Mining of electronic health records (EHR) promises to automate the identification of comprehensive disease phenotypes. However, the realization of this promise is hindered by both the unavailability of generalizable ground-truth information and data incompleteness and heterogeneity. We present here a data-driven approach to identify clinical states that we implement for 600 critical care patients re- cruited by the SCRIPT study. We curate a primary set of 71 features, at various degrees of completeness, from structured EHR of these patients resulting in 13,319 patient-day pairs. We define a ‘common- sense' ground truth that we then use in a semi-supervised pipeline to optimize choices for data preprocessing, including missing value im- putation, and reduce the feature space to four principle components. We introduce and validate a novel ensemble-based clustering method that enables us to robustly identify four clinical states, and use a Gaussian mixture model to quantify uncertainty. Demonstrating the clinical relevance of the identified states, we find that two states are primarily associated with disease outcomes (dying vs. recovering), while the other two reflect diverse etiologies.
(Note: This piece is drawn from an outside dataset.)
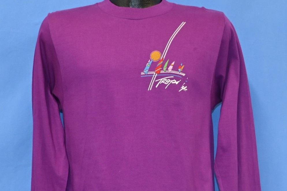 This sweet vintage surf tee was made by the apparel brand Tropix, and it features a simple yet colorful graphic that celebrates the sport of windsurfing. This shirt has long sleeves, making it perfect for a breezy day at the beach or a cool summer evening.

Upon analysis of dis- ease progression, we observe that trends of favorable vs. unfavorable transitions shift as patients recover or deteriorate. This observation suggests a non-Markov process with states transition probabilities varying over time along disease progression

An Image-based Deep Learning Framework for Predicting Lung Irradiation-induced Pneumonitis

Zhuoyang Zou, Research Technologist, McCormick School of Engineering and Applied Science

INTRODUCTION: Radiation therapy is crucial for lung cancer treatment. However, incident irradiation of surrounding healthy tissues could lead to side effects such as radiation-induced pneumonitis—inflammation that can cause permanent lung damage. Determining a patient’s susceptibility to pneumonitis prior to treatment is not currently possible and is a critical unmet clinical need. This project aims to develop deep-learning (DL) models that use pre-treatment CT images to identify patients at risk of radiation-induced pneumonitis.

METHODOLOGY: We analyzed 1,168 IRB-approved CT images from two medical institutions, comprising 64 cases of grade ≥2 pneumonitis. Strategic sampling was employed to balance the outcome representation. We selected the whole lung area as our Region of Interest (ROI) and segmented each slice to obtain the mask for the ROI. We input the segmented mask and the corresponding original image into our custom DL model. The model used a two-stage classification:

  1. A two-layer convolutional neural-network (CNN) extracts features from each CT slice and
  2. A bidirectional recurrent neural-network (RNN) that combines these features with adjacent slice data to predict the pneumonitis risk for the patient. The dataset was divided into a ratio of 80:20 for training and cross-validation. Grad-CAM was used to highlight regions predicative of pneumonitis.

RESULTS: Our custom two-layer CNN achieved a slice-level ROC-AUC of 0.6713. This performance metric improved significantly upon aggregating the slice-level predictions for patient-level diagnostics, where the AUC score increased to 0.75 through static aggregation methods. The application of the RNN for dynamic aggregation further elevated the AUC to 0.8285.

CONCLUSION: We developed a parsimonious DL model using an ensemble CNN-RNN model that can accurately predict radiation pneumonitis using pre-treatment CT images alone. These results signify a promising step towards personalized treatment strategies and improved outcomes for patients undergoing radiotherapy to the lung.